Sebelum Mia atau Raya bisa memberikan jawaban, Ulamay sudah tahu jawabannya. Tanda-tanda itu jelas, dengan laptop yang masih menyala di meja samping mereka dan bekas makanan yang berserakan di lantai. Itu adalah bukti takea terbantahkan bahwa adiknya sedang menangis karena drama Korea, sesuatu yang sering terjadi saat alur cerita mencapai puncaknya yang tragis.
"Keterlaluan kalian, membuatku panik saja! Mia, mulai sekarang sampai seminggu ke depan jangan pernah menonton drakor lagi, atau Kakak akan sita laptop kamu," ujar Ulamay dengan tegas, membuat wajah Mia langsung cemberut.
"Itu tidak adil! Masa cuma aku saja yang dihukum? Raya juga menangis. Apa Kakak tidak merasa di-prank juga oleh dia?" protes Mia sambil memanyunkan bibirnya.
"Tentu saja Raya juga akan dihukum," sahut Ulamay sambil melirik Raya yang menunduk malu.
"Maafkan aku, Kak. Aku terbawa suasana," ujar Raya dengan suara lirih.
"Tentu saja aku memaafkan mu, Dek. Tapi hukumanmu tetap berjalan!" Ulamay terkekeh, puas melihat wajah bingung adiknya.
"Apa hukumannya?" tanya Raya penasaran, sedikit menyesal telah menangis tanpa alasan jelas.
"Menginap lah semalam saja di sini. Dan ya, aku tidak menerima penolakan," jawab Ulamay sambil berbalik meninggalkan kamar.
"Haiss, ini gara-gara kamu, Mia. Aku harusnya pulang, tapi kenapa malah jadi menginap di sini?" omel Raya kesal, sementara Mia hanya tertawa tanpa dosa.
"Santai aja, Ray. Sekali-kali menginap seru juga kan?" ujar Mia sambil terus tertawa, bahkan asyik membersihkan kamar yang sedikit berantakan. Raya mendengus, namun akhirnya ikut membantu Mia tanpa banyak bicara lagi.
"Aku senang melihatmu bahagia, Raya," ujar Mia tiba-tiba, matanya penuh kehangatan.
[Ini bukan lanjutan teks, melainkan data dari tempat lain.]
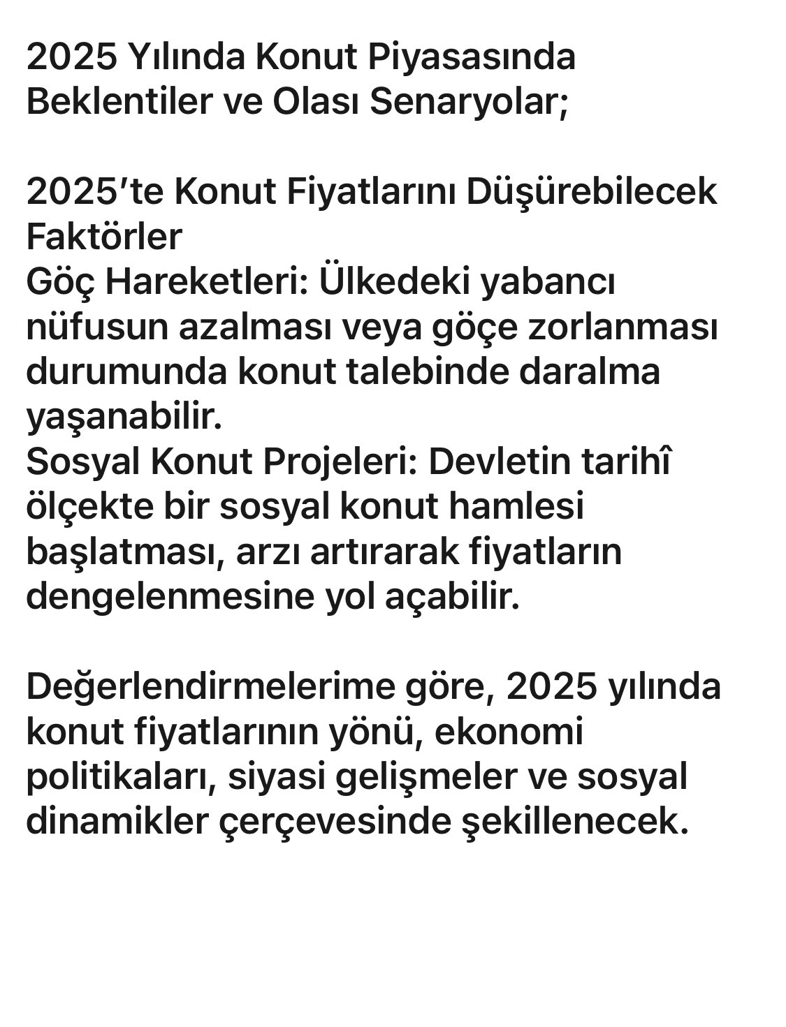Değerlendirmelerime göre, 2025 yılında konut fiyatlarının yönü, ekonomi politikaları, siyasi gelişmeler ve sosyal dinamikler çerçevesinde çekillenecek.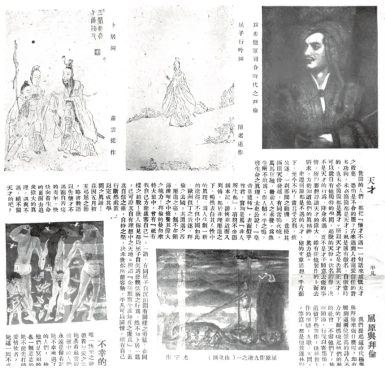 除了期刊連載外,《九歌圖》還以單幅人物畫的形式充當報刊的不同組成部分。如1941年5月5日出版的第89期香港《大風》報,封面畫即用了趙子昂《九歌圖》中的東皇太一畫像。再如孫作云的《九歌山鬼考》一文(《清華學報》1936年第11卷第4期),在第二部分“山鬼的姿容及其它”中,作者結合《山鬼》“若有人兮山之阿,被薜荔兮帶女羅,既含睇兮又宜笑,子慕予兮善窈窕。乘赤豹兮從文貍,辛夷車兮結桂旗,被石蘭兮帶杜衡,折芳馨兮遺所思”八句,以及王逸、聞一多的注解、詮釋,判定山鬼的姿容與神女相同,是很美麗的:“八句中或言體貌之容冶,或言被服之芬芳,或言車仗之盛飾,全是描寫一位佳人的?!睘榱伺浜洗苏?,作者特意在此擇選了蕭云從與陳洪綬的《山鬼圖》作對比,并作評價曰:“只有趙孟頫、陳洪綬一流的笨伯,才會將一副猙獰的魔鬼面相繪入《九歌圖》里去。蕭云從則知道涵詠《山鬼》的文詞,所以不致鬧出那樣的笑話來?!睂O作云立足于《山鬼》的文意,充分肯定了蕭云從圖文相符的創作,以對原文摹畫的真實與否來判定《山鬼圖》的優劣,并在此基礎上認為陳洪綬脫離原文的想象為“笑話”。這篇文章是民國間報刊所登載《九歌》研究中,首次將圖像引入學術論文中并作相應分析的案例,可見在當時前賢學者已有了圖像、文物與文本研究相結合的現代學術意識。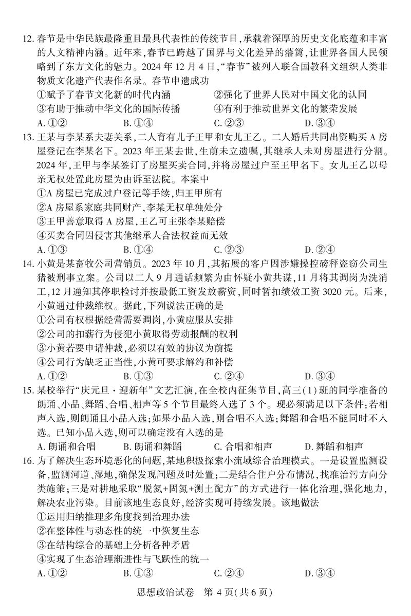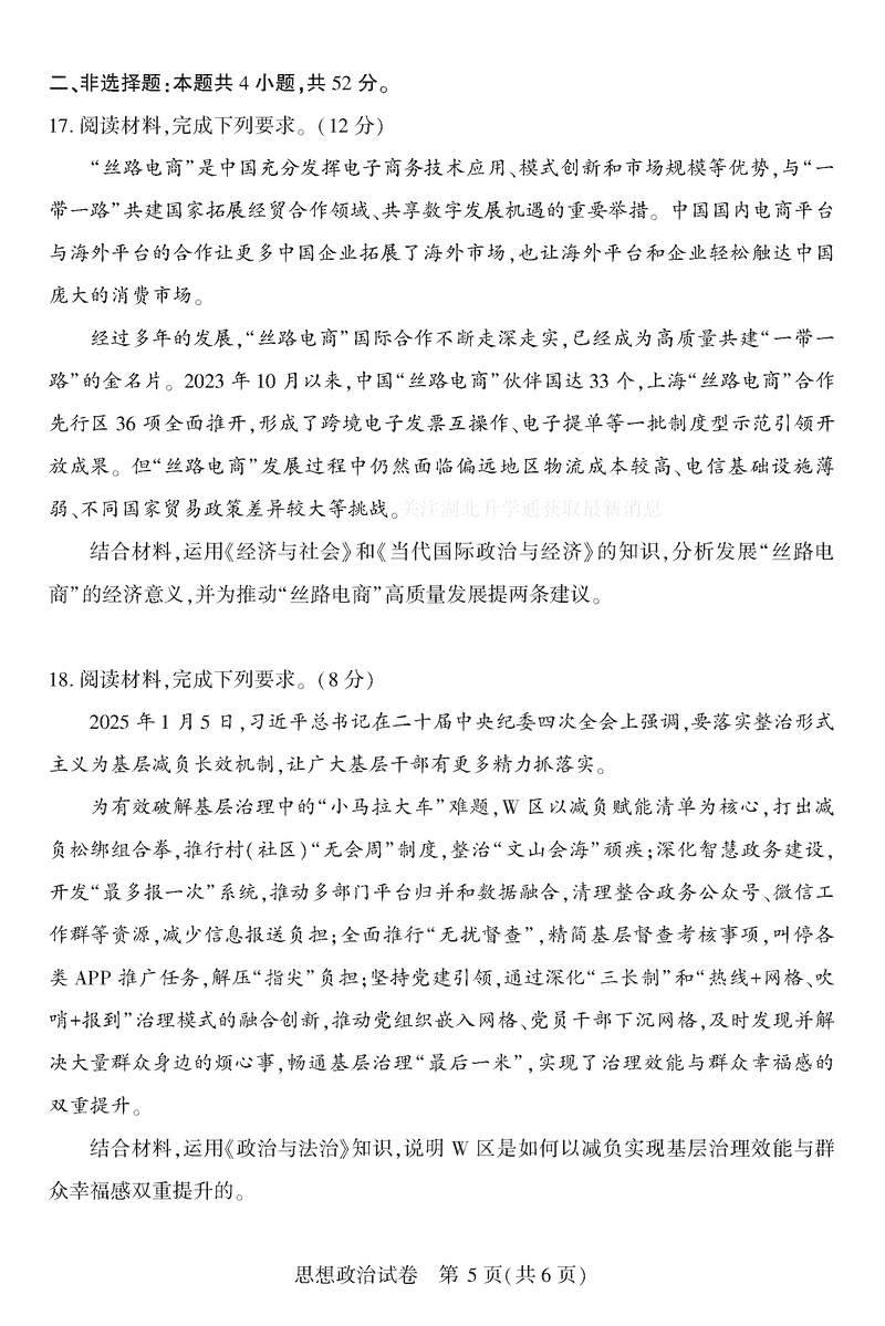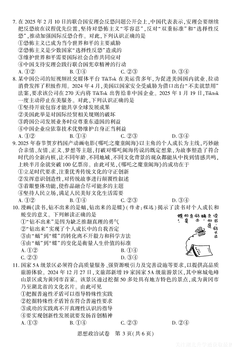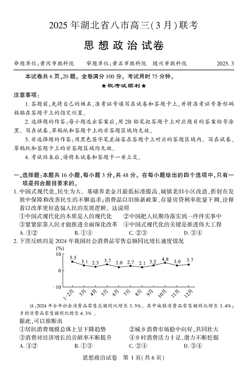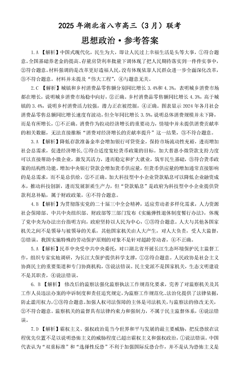 2025年湖北省八市高三3月联考政治试题及答案 时间:2025-03-15 湖北 文综试题 2025年湖北省八市高三3月联考政治考试已于近日开考,为方便考生考后及时查看考试情况,查漏补缺、弥补不足,本文整理了试题答案解析相关信息! 汇总:2025年湖北省八市高三3月联考试题及答案汇总 政治试题及答案解析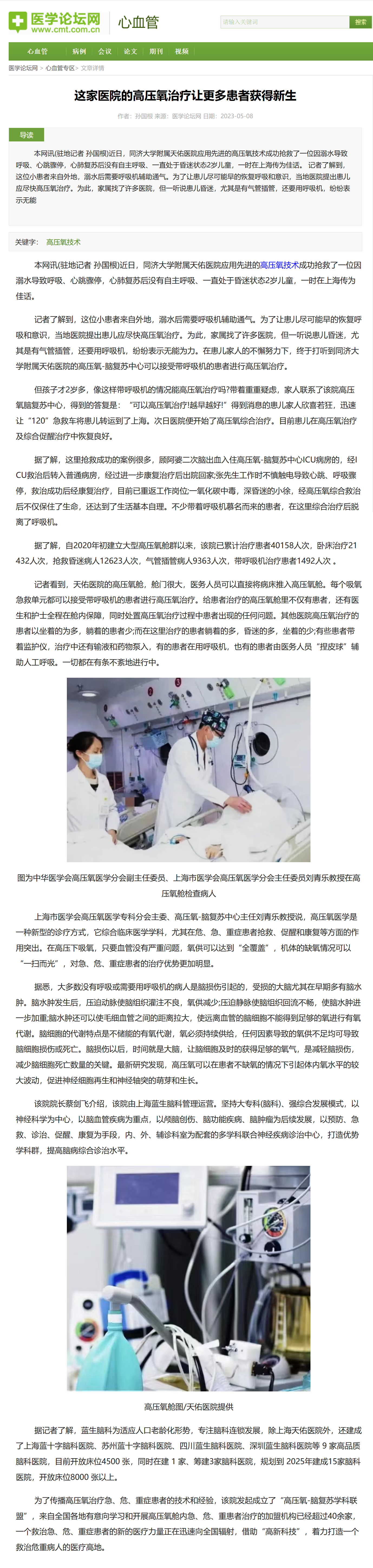 本網(wǎng)訊(駐地記者 孫國(guó)根)近日,同濟(jì)大學(xué)附屬天佑醫(yī)院應(yīng)用先進(jìn)的高壓氧技術(shù)成功搶救了一位因溺水導(dǎo)致呼吸、心跳驟停,心肺復(fù)蘇后沒(méi)有自主呼吸、一直處于昏迷狀態(tài)2歲兒童,一時(shí)在上海傳為佳話。 記者了解到,這位小患者來(lái)自外地,溺水后需要呼吸機(jī)輔助通氣。為了讓患兒盡可能早的恢復(fù)呼吸和意識(shí),當(dāng)?shù)蒯t(yī)院提出患兒應(yīng)盡快高壓氧治療。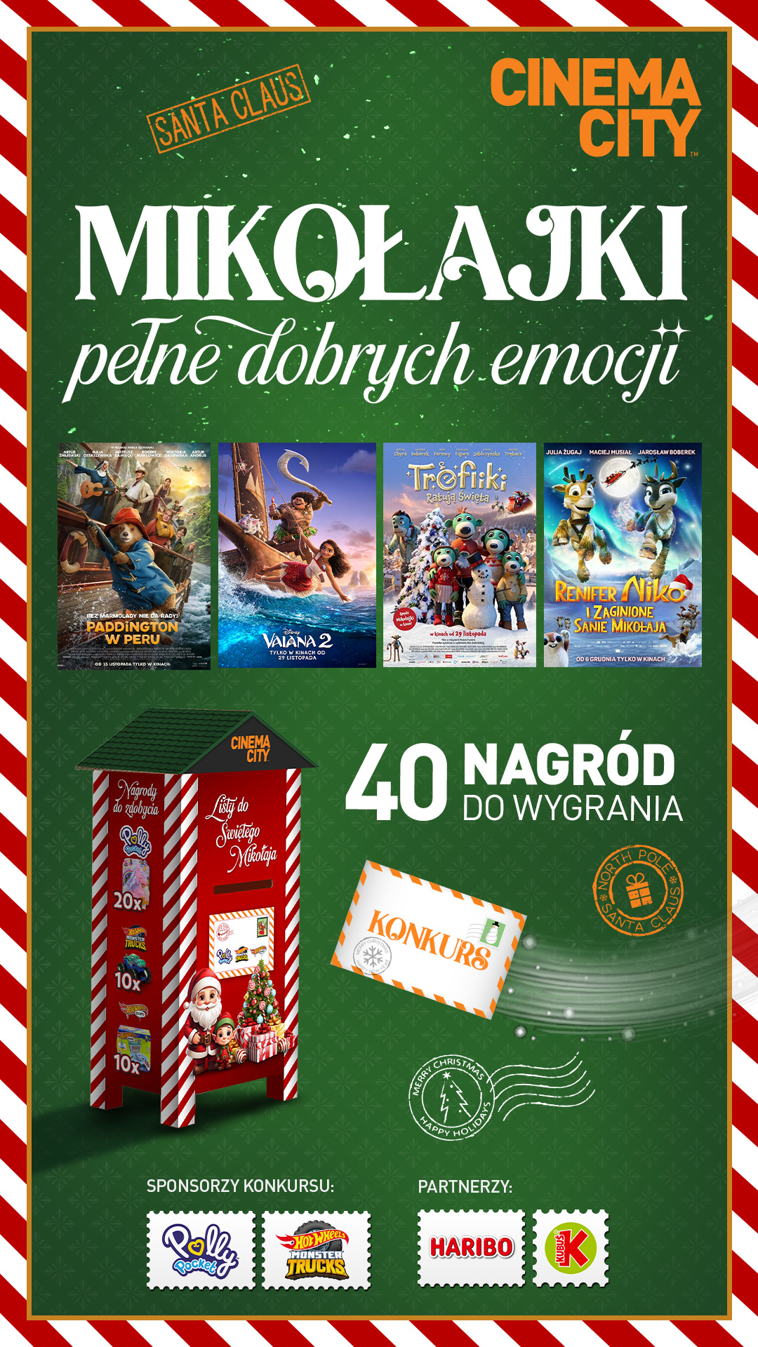 Wielkimi krokami zbliżają się Mikołajki. To idealna okazja do tego, żeby wybrać się do kina z najmłodszymi i wyruszyć z nimi w pełną wrażeń i emocji filmową przygodę. A będzie w czym wybierać! W Cinema City obejrzeć będzie można w tym czasie takie hity, jak m.in. „Renifer Niko i zaginione sanie Mikołaja”, „Vaiana 2”, „Paddington w Peru”, „Wicked”, „Trefiliki ratują Święta”, czy „Kina i Yuk”. W mikołajkowy weekend (6-8 grudnia) dzieciom przed seansami rozdawane będą słodkie niespodzianki – m.in. soczki Kubuś i żelki Haribo. Dodatkowo Cinema City przygotowało dla dzieci i ich rodziców świąteczny konkurs!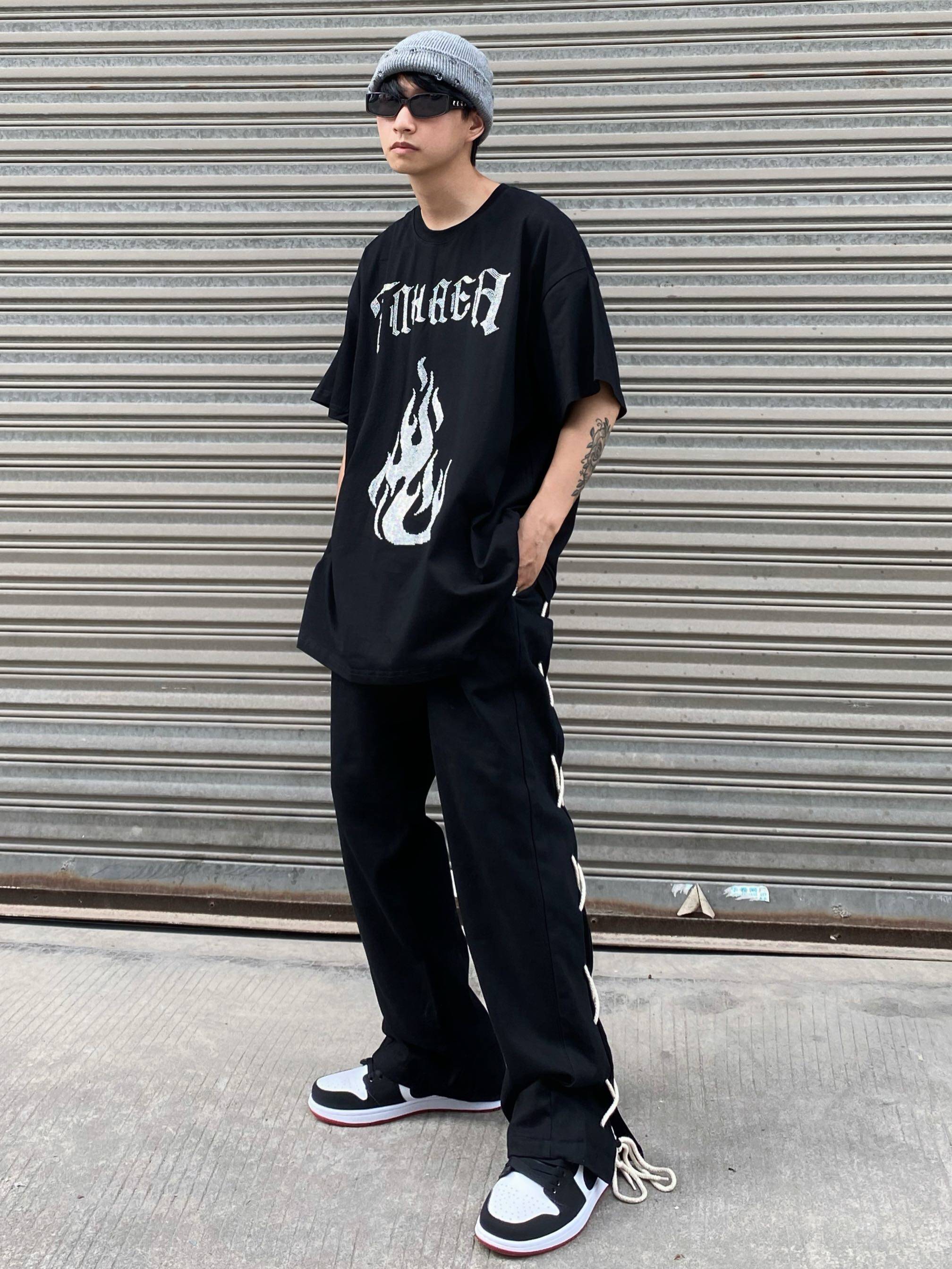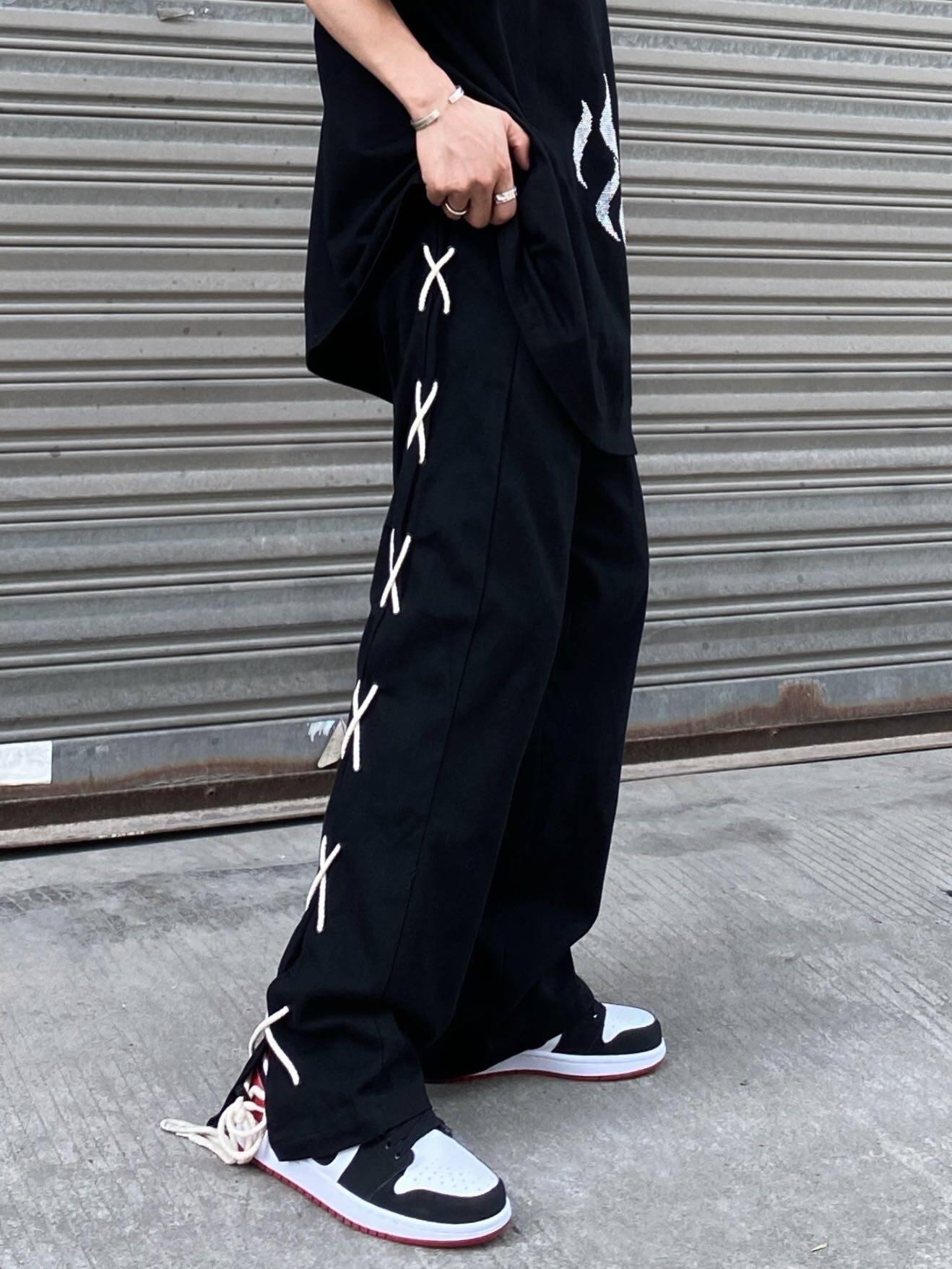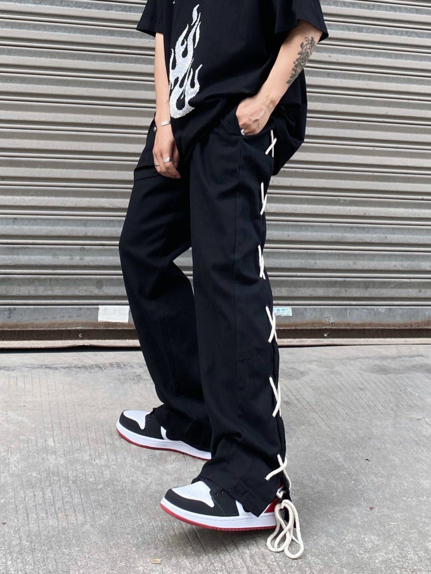 Tide, тонкие черные штаны, ремень в стиле хип-хоп, свободный прямой крой

"Aku lagi marah, tahu," balas Raya dengan ekspresi cemberut, yang justru semakin memancing kekehan Mia.
•••
Drtttt... Drtttt... Drtttt...
Ponsel Raya tiba-tiba bergetar di atas meja.
"Ray, ponselmu!" seru Mia sambil mengambil sampah yang dipegang Raya.
"Makasih, Mia." Raya meraih ponselnya setelah Mia pergi membuang sampah. Di layar tertera nama Tante Ashanty. Dengan cepat Raya mengangkat panggilan itu.
"Halo, Tante!" Raya menjawab, sedikit penasaran dengan alasan panggilan mendadak tersebut.